Nuclear Family

Vít Hořejš’sThe Very Sad Story of Ethel and Julius, Lovers and Spyes, and About Their Untymelie End While Sitting in a Small Room at the Correctional Facility in Ossining New York tries to be many things: a history play, a musical, a tragedy, and even a modified puppet show, but it winds up becoming a mishmash. Ethel and Julius Rosenberg were married American communists convicted of conspiracy to commit espionage against the United States. They were sentenced to death and executed in the electric chair in 1953, leaving their two young sons orphaned. The story surrounding their actions is filled with intrigue, innuendo, betrayal and misguided idealism. It’s a shame that this production shares so little of those elements with us.

Above the stage hang blackboards filled with mysterious mathematical formulae and intricate drawings. Yet, we never hear about the secrets that Julius (Brian P. Glover) proffered to the Soviets. And we hear little from Julius himself, other than a well-worn bit of Marxist propaganda. Julius is curiously bereft of personality for a character so immediately central to the story. And Ethel’s portrayal is bound up for too long with that of her lower East Side mother, who admonishes that she forgo her dreams of singing on Broadway, get married and have children. This could be the yarn of any number of young women from post-Depression immigrant families in New York City.

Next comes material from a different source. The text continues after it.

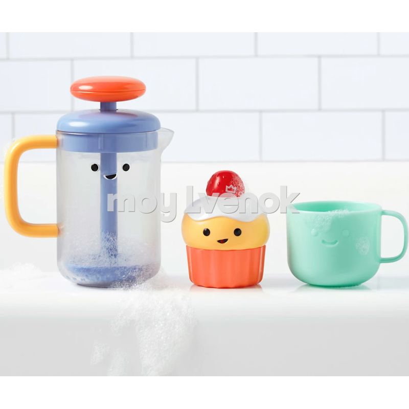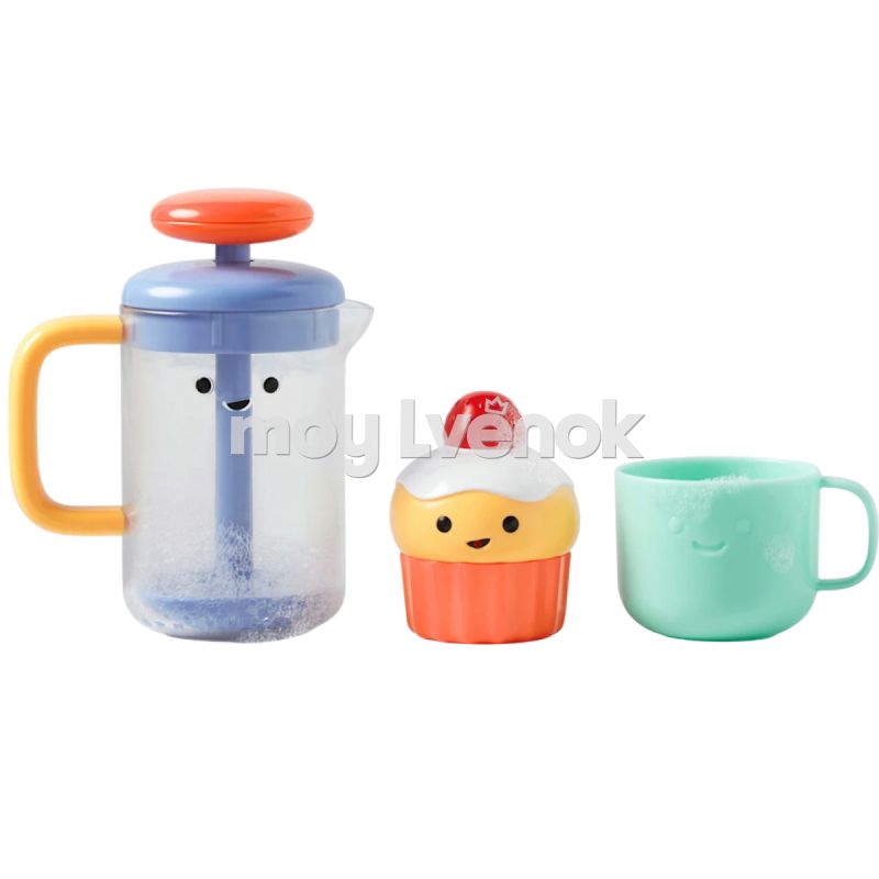 Игрушка, которую можно использовать как в ванне, так и за ее пределами! Пенообразователь, сладкий кекс, разбрызгивающий воду, и чашка - необходимые элементы для успешной вечеринки. Каждый элемент разработан, чтобы развивать координацию рук и глаз и учить причинно-следственные связи. В чашке есть отверстия на дне для наливания воды, а кекс состоит из двух частей, которые нужно соединить вместе. Создание настоящей пены - это еще и веселье для вашего малыша!

The play also spends far too much time on events that have only general application to the Rosenbergs: the entire first half of the 20th century, the Great Depression, and World War II—events that were “formative” for the Rosenbergs, as the production’s press release asserts. It’s fairly safe, though, to conclude that such major events and eras were “formative” for anyone who happened to be alive at the same time as the Rosenbergs.

What this play needs to address is: What did the Rosenbergs do? Why were they arrested? What did they know? And why did they do what, in light of recent evidence, we know for a fact that Julius, at least, did: pass atomic secrets, however arguably useless, to the Soviets? Without intimate involvement in the espionage story of the Rosenbergs themselves, whether factual or whimsical, this generic play cannot live up to its ambitious title. In fact, we learn more about the history of the electric chair than we do of the actions that made the Rosenbergs the first civilians executed in the United States for espionage. The Rosenbergs here come across as ineffectual and almost senseless individuals who are simply acted upon.

It's an intriguing idea--the Rosenbergs as figurative puppets--but it's somewhat disingenuous, too. The play too conveniently skips over some parts of the "sad story." Julius was not a dumb man; with a degree in electrical engineering and radar experience in the Army Signal Corps, Julius had access to something the Soviet KGB clearly wanted. And, he supplied them with it. While the ultimate fate of the Rosenbergs was decided by skilled and cunning prosecutors who pulled the strings and unsuccessfully used the less implicated Ethel as a "lever" against Julius, surely free will played a major role in bringing the couple to that fate.

The production boasts of using “found objects” as symbolic proxies for characters and settings in the play: “So a bed frame doubles as a lectern and a pulpit; office chairs double as electric chairs,” states the press release. Similar things are done by a lot of companies on limited budgets. Yet, using teddy bears, for example, in place of the couple’s children proves to be a misguided idea that greatly detracts from the intensity of the tale. And, though the play was conceived by the Czechoslovak-American Marionette Theater, the only literal marionettes featured are miniature ones of the Rosenbergs that never move and a giant teddy bear that gets electrocuted by Thomas Edison. Don’t ask.

Another problem with this play, peppered generously with sometimes clever musical numbers, is that no one in the cast sings well. Deborah Beshaw as Ethel’s mother, Michelle Beshaw as the unscrupulous prosecutor Roy Cohn, and Theresa Linnihan as Ethel are all particularly egregious examples, but there's hardly a decent voice in the entire ensemble—not a good thing for a musical play. Several members of the cast might have also profited from the assistance of a dialect coach.

Complicating things further is that most members of the ensemble play multiple and sometimes unnecessary characters in such a way that it is difficult to keep their identities straight. Some theater companies (the Elevator Repair Service immediately comes to mind) are skilled enough to control and capitalize on such confusion to the benefit of the production, but this group cannot.

One bright spot in the production is Michelle Beshaw’s costuming; it effectively conveys a sense of New York’s lower East Side at the turn of last century. And it is remarkable just how much Ms. Linnihan and Mr. Glover resemble, from extant photos, their historical counterparts.

Yet, The Very Sad Story of Ethel and Julius never gets us below the surface of these potentially fascinating characters. In the end, we’re left looking at the walls, trying to figure out just what of this confused concoction actually stuck.